-- TASK DIRECTIONS --
Each entry should be quoted word for word, including every mark of punctuation.

= Beginning of Section =

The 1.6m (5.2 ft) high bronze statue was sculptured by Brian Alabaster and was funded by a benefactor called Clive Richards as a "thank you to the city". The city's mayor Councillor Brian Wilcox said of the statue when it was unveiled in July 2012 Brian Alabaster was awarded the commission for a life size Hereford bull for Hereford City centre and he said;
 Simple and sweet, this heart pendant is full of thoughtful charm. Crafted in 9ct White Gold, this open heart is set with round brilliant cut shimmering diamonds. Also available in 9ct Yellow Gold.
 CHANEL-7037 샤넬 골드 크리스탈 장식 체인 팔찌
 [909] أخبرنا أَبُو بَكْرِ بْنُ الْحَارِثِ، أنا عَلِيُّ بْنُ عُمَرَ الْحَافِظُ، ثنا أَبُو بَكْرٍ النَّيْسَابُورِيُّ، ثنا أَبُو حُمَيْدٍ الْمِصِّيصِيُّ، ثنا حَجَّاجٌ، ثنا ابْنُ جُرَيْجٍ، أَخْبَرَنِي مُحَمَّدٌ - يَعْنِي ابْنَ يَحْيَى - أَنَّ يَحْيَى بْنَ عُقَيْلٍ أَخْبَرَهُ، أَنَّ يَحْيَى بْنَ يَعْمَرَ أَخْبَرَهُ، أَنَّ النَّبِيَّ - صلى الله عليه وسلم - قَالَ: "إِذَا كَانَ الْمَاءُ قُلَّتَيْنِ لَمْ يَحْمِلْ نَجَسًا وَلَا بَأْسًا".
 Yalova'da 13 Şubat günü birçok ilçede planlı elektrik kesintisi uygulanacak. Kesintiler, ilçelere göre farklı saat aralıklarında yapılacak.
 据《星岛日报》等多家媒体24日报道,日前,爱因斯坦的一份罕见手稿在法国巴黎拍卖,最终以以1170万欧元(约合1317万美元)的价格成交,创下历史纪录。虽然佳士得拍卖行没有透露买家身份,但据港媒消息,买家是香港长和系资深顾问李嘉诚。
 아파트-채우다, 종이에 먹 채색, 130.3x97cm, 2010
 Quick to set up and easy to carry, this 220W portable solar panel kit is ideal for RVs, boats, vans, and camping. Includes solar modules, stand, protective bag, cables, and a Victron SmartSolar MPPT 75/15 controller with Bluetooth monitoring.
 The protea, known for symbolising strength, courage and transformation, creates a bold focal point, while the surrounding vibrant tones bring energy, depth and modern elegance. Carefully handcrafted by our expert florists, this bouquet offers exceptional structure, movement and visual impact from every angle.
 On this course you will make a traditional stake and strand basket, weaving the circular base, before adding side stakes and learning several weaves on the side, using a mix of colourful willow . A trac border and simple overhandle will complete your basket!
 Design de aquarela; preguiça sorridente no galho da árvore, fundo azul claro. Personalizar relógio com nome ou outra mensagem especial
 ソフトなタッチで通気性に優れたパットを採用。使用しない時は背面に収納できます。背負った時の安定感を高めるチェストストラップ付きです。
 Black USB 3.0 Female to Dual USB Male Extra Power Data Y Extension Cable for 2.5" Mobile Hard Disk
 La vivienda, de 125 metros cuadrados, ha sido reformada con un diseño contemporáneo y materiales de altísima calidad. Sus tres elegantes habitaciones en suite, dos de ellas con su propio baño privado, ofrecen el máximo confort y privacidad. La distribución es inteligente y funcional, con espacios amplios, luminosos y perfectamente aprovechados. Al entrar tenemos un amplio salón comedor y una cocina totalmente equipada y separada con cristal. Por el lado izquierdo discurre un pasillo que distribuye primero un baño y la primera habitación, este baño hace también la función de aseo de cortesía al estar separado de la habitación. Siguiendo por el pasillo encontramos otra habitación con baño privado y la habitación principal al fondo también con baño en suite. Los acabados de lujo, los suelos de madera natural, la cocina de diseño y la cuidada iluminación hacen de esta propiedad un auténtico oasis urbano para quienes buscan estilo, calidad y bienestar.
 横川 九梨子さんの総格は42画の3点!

= End of Section =

-- RESPONSE TO THIS EXERCISE --
The 1.6m (5.2 ft) high bronze statue was sculptured by Brian Alabaster and was funded by a benefactor called Clive Richards as a "thank you to the city". The city's mayor Councillor Brian Wilcox said of the statue when it was unveiled in July 2012 Brian Alabaster was awarded the commission for a life size Hereford bull for Hereford City centre and he said;
 Simple and sweet, this heart pendant is full of thoughtful charm. Crafted in 9ct White Gold, this open heart is set with round brilliant cut shimmering diamonds. Also available in 9ct Yellow Gold.
 CHANEL-7037 샤넬 골드 크리스탈 장식 체인 팔찌
 [909] أخبرنا أَبُو بَكْرِ بْنُ الْحَارِثِ، أنا عَلِيُّ بْنُ عُمَرَ الْحَافِظُ، ثنا أَبُو بَكْرٍ النَّيْسَابُورِيُّ، ثنا أَبُو حُمَيْدٍ الْمِصِّيصِيُّ، ثنا حَجَّاجٌ، ثنا ابْنُ جُرَيْجٍ، أَخْبَرَنِي مُحَمَّدٌ - يَعْنِي ابْنَ يَحْيَى - أَنَّ يَحْيَى بْنَ عُقَيْلٍ أَخْبَرَهُ، أَنَّ يَحْيَى بْنَ يَعْمَرَ أَخْبَرَهُ، أَنَّ النَّبِيَّ - صلى الله عليه وسلم - قَالَ: "إِذَا كَانَ الْمَاءُ قُلَّتَيْنِ لَمْ يَحْمِلْ نَجَسًا وَلَا بَأْسًا".
 Yalova'da 13 Şubat günü birçok ilçede planlı elektrik kesintisi uygulanacak. Kesintiler, ilçelere göre farklı saat aralıklarında yapılacak.
 据《星岛日报》等多家媒体24日报道,日前,爱因斯坦的一份罕见手稿在法国巴黎拍卖,最终以以1170万欧元(约合1317万美元)的价格成交,创下历史纪录。虽然佳士得拍卖行没有透露买家身份,但据港媒消息,买家是香港长和系资深顾问李嘉诚。
 아파트-채우다, 종이에 먹 채색, 130.3x97cm, 2010
 Quick to set up and easy to carry, this 220W portable solar panel kit is ideal for RVs, boats, vans, and camping. Includes solar modules, stand, protective bag, cables, and a Victron SmartSolar MPPT 75/15 controller with Bluetooth monitoring.
 The protea, known for symbolising strength, courage and transformation, creates a bold focal point, while the surrounding vibrant tones bring energy, depth and modern elegance. Carefully handcrafted by our expert florists, this bouquet offers exceptional structure, movement and visual impact from every angle.
 On this course you will make a traditional stake and strand basket, weaving the circular base, before adding side stakes and learning several weaves on the side, using a mix of colourful willow . A trac border and simple overhandle will complete your basket!
 Design de aquarela; preguiça sorridente no galho da árvore, fundo azul claro. Personalizar relógio com nome ou outra mensagem especial
 ソフトなタッチで通気性に優れたパットを採用。使用しない時は背面に収納できます。背負った時の安定感を高めるチェストストラップ付きです。
 Black USB 3.0 Female to Dual USB Male Extra Power Data Y Extension Cable for 2.5" Mobile Hard Disk
 La vivienda, de 125 metros cuadrados, ha sido reformada con un diseño contemporáneo y materiales de altísima calidad. Sus tres elegantes habitaciones en suite, dos de ellas con su propio baño privado, ofrecen el máximo confort y privacidad. La distribución es inteligente y funcional, con espacios amplios, luminosos y perfectamente aprovechados. Al entrar tenemos un amplio salón comedor y una cocina totalmente equipada y separada con cristal. Por el lado izquierdo discurre un pasillo que distribuye primero un baño y la primera habitación, este baño hace también la función de aseo de cortesía al estar separado de la habitación. Siguiendo por el pasillo encontramos otra habitación con baño privado y la habitación principal al fondo también con baño en suite. Los acabados de lujo, los suelos de madera natural, la cocina de diseño y la cuidada iluminación hacen de esta propiedad un auténtico oasis urbano para quienes buscan estilo, calidad y bienestar.
 横川 九梨子さんの総格は42画の3点!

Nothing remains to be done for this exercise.